When Barclays Bank temporarily swap their logo out for a rainbow version, or Primark releases pride-themed clothing, their goal is not queer liberation but image-cleansing and distraction from social harms – from investments in weapons manufacturers to wage theft.

Identity politics?

Strides in marriage equality, anti-discrimination laws and legal recognition of gender diversity over recent decades have resulted in what Beth calls a ‘corporate capture of queer culture’. This capture demands that we celebrate arms manufacturer BAE for being ‘LGBT-inclusive’ – as if the end goal of inclusion is to be allowed complicity in international warfare. 

Meanwhile, critics of QFP argue that queer people should be grateful for ‘Western-won freedoms’ – and that being queer is incompatible with support for Palestinian liberation. As Chiamaka Muoneke recently reminded us, however, homophobic laws across the world are legacies of British colonial imposition. In Israel, a ’proudly homophobic’ politician props up a far-right government.
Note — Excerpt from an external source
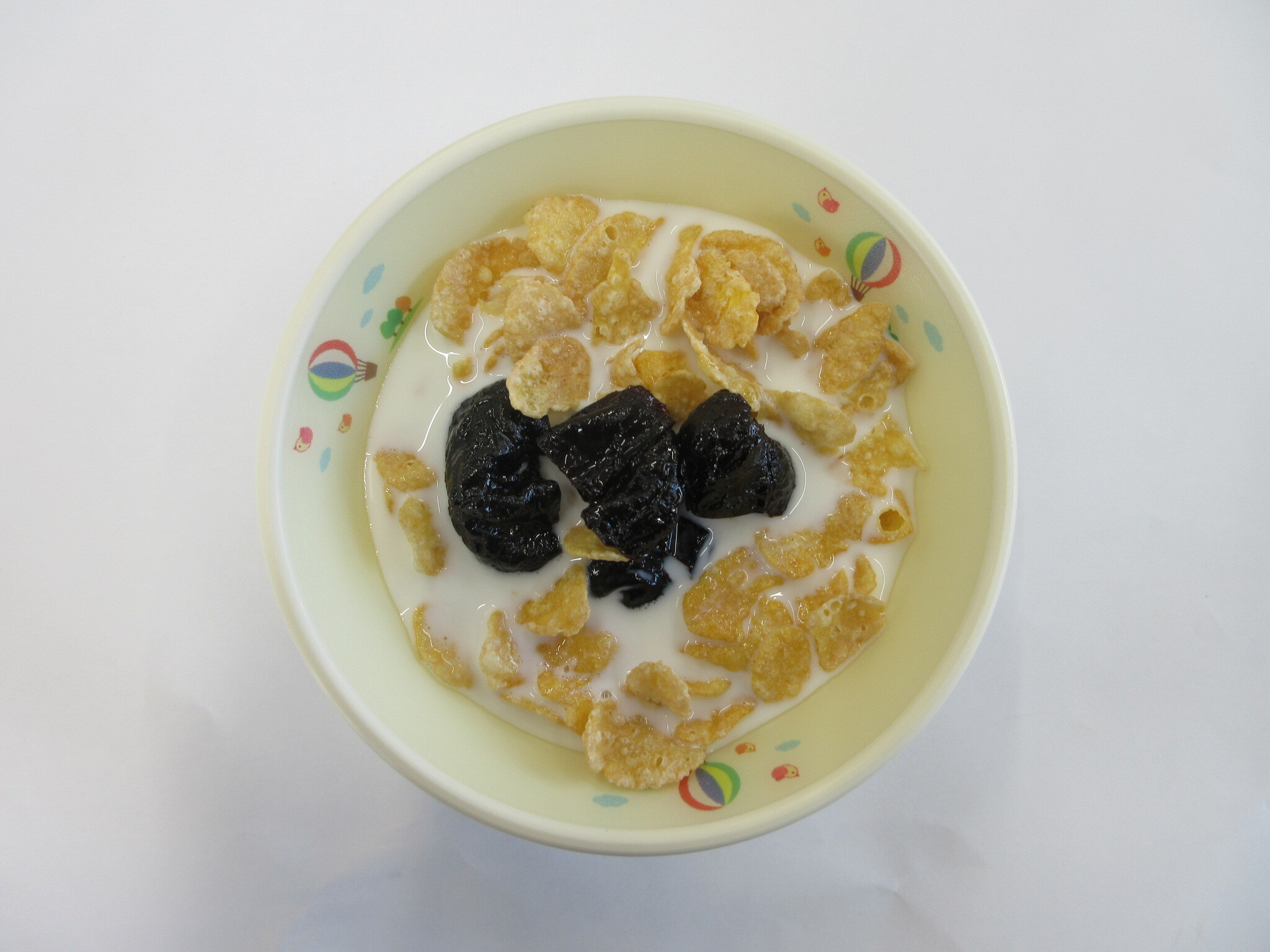 3時のおやつは、コーンフレーク(種なしプルーン)でした。

When Barclays Bank post a rainbow logo, their goal is not queer liberation but image-cleansing and distraction from their investments in weapons manufacturers

As a queer person, it’s jarring to have my identity weaponised in this way, particularly when my inclusion has always felt conditional at best. As Schuyler Mitchell notes, backlash from pro-Israel actors hinges on a homophobic and transphobic rejection of unsanitised, anti-normative queer identity. If we are allowed only to be palatably queer within the boundaries of social norms – without questioning who is excluded and harmed by those norms – then ‘something is deeply broken in queer politics’, as Beth put it, adding that ‘it’s our collective responsibility to recenter solidarity’.

Members of TDP told me that ‘Many of us in the queer community acknowledge that Pride emerged out of queer people’s resistance to policing – but we’re not always willing to confront the same conditions of surveillance, violence and control in the present’. Pinkwashing UK told me that ‘protest is our collective queer history, but it should also be our collective present’ – and yet, feels like queer radicalism is acceptable only in past tense.

Today, when queer people are a vocal and oppositional force within their own institutions – like protesting Prides or fossil-fuel sponsored awards shows – they are at best dismissed. Worse, they are accused of choosing the wrong target, met with justifications for taking dirty money, or face violent repression.

A strong queer liberation movement defined by collaboration and solidarity is coming together against the odds. By building a broad coalition of queer activists united across the intersecting movements – for environmentalism, internationalism, anti-imperialism and anti-Zionism – we can redefine what it means to be proud of our identities, and demand better from our community and beyond.